* TASK BRIEF:
Lines containing the word "Меркурий" in the data below: say how many, with no other text.

*** Opening of INFORMATION PROVIDED ***

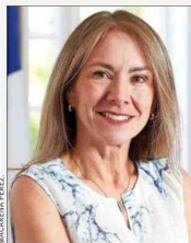
Susana Jiménez , presidenta de CPC.

Para la presidenta de la Confederación de la Producción y del Comercio (CPC), Susana Jiménez, el deterioro de los indicadores económicos es un factor de preocupación, y por eso espera "anuncios que permitan generar mejores condiciones para crecer, invertir y crear empleo. La última cifra de desempleo, que alcanzó 9,1%, hace imperativo avanzar en medidas que reactiven la inversión y permitan recuperar dinamismo económico. Hoy la principal urgencia es volver a generar oportunidades laborales para las cerca de 950 mil personas que buscan trabajo y también para los 2,5 millones de trabajadores que se desempeñan en la informalidad". En este sentido, sostiene que lo más relevante será "avanzar en medidas que impulsen la competitividad del país. Una reducción del impuesto corporativo hacia niveles más alineados con los estándares internacionales y una agenda decidida para agilizar los permisos sectoriales y ambientales pueden ayudar a destrabar proyectos, atraer inversión y generar más empleo".
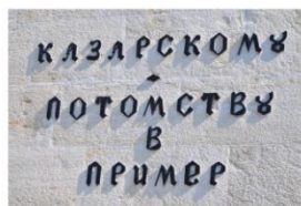
Памятник брига «Меркурий» в Севастополе Открыт в 1839 году. Автор проекта - академик архитектуры А. П. Брюллов (1798—1877).

Одним из примеров мужества и героизма в период русско-турецкой войны 1828-1829 гг. является подвиг экипажа брига «Меркурий» , вступившего в неравный бой 14 (26) мая 1829 г. с двумя турецкими кораблями и вышедшего из этого боя победителем.

*** Close of INFORMATION PROVIDED ***

* RESULT OF THE TASK:
2